China Now Controls Who Can Come Back From the Dead.
However China’s ulterior motives lie just beyond the irony, which include: to put a stop to the influence of Tibet’s political leader a spiritual expatriate Dalai Lama and to suppress the religious establishment of the region’s Buddhists, after more than a half century since China plundered the tiny Himalayan nation. By stopping all Buddhist monks located outside of China from the act of reincarnation, the new ruling allows Chinese heads of government to select the next Dalai Lama, whose spirit, by years of tradition, is reawakened in the form of a new human to resume the duty of ending suffering.

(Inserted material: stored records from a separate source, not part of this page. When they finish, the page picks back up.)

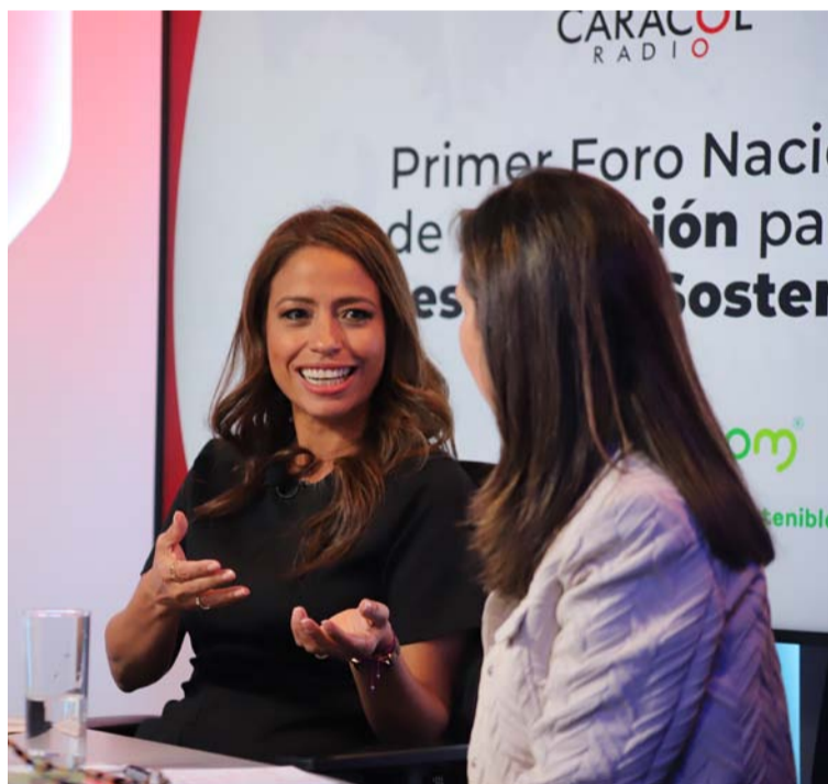
Cree en el poder de las alianzas; ha generado sinergias con más de 200 empresas locales, nacionales e internacionales.

cionales e internacionales, en el sector público y en organizaciones sin ánimo de lucro, con reconocimiento nacional e internacional por su profundo conocimiento de la Agenda 2030 y la implementación de proyectos alineados con los Objetivos de Desarrollo Sostenible (ODS).
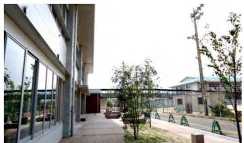
地域に開かれた「縁側通り」 廿日市市立大野西小・大野中学校
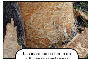
Les marques en forme de « S » sont causées par l'agrile du frêne.
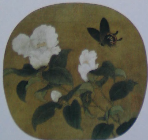
梨花蝴蝶图 宋 无款 绢本 设色 纵二二·一厘米 横二三厘米

Currently at the age of 72, the Dalai Lama, who has been residing in India since 1959, has started to prepare for his succession, saying that as long as Tibet is under the control of the Chinese, he refuses to be reborn there. Under the assumption that he has mastered the act of controlling his own rebirth, seeing that 600 years is the life span of Dalai Lamas, it is starting to look like an instance where there could be two Dalai Lamas: one that is selected by the Buddhist monks and the other selected by the Chinese government.
According to Paul Harrison, a Stanford University Buddhism scholar, “It will be a very hot issue. The Dalai Lama has been the prime symbol of unity and national identity in Tibet, and so it’s quite likely the battle for his incarnation will be a lot more important than the others.”

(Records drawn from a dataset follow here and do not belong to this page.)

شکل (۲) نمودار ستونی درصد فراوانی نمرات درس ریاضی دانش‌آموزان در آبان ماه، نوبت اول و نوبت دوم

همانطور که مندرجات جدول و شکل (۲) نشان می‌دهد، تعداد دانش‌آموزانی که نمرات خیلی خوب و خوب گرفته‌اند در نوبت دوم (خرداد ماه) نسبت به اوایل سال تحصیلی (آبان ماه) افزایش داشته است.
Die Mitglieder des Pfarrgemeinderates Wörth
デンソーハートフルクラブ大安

So the next question is what part of the world will the next Dalai Lama be born in? Harrison, along with a few other Buddhism scholars, have concluded that he will come from one of the 130,000 Tibetan exiles that are spread across Europe, North America and India. So will the next Dalai Lama be American born seeing that approximately 8,000 Tibetans current live in the U.S.? If so, according to Harrison, he will be warmly welcomed into a society that has grown familiar with the concept of reincarnation over time.
According to surveys conducted by the Barna Group, roughly a quarter of Christians in the U.S. have taken on the reincarnation concept and have welcomed it as their preferred view as it relates to the ending of life.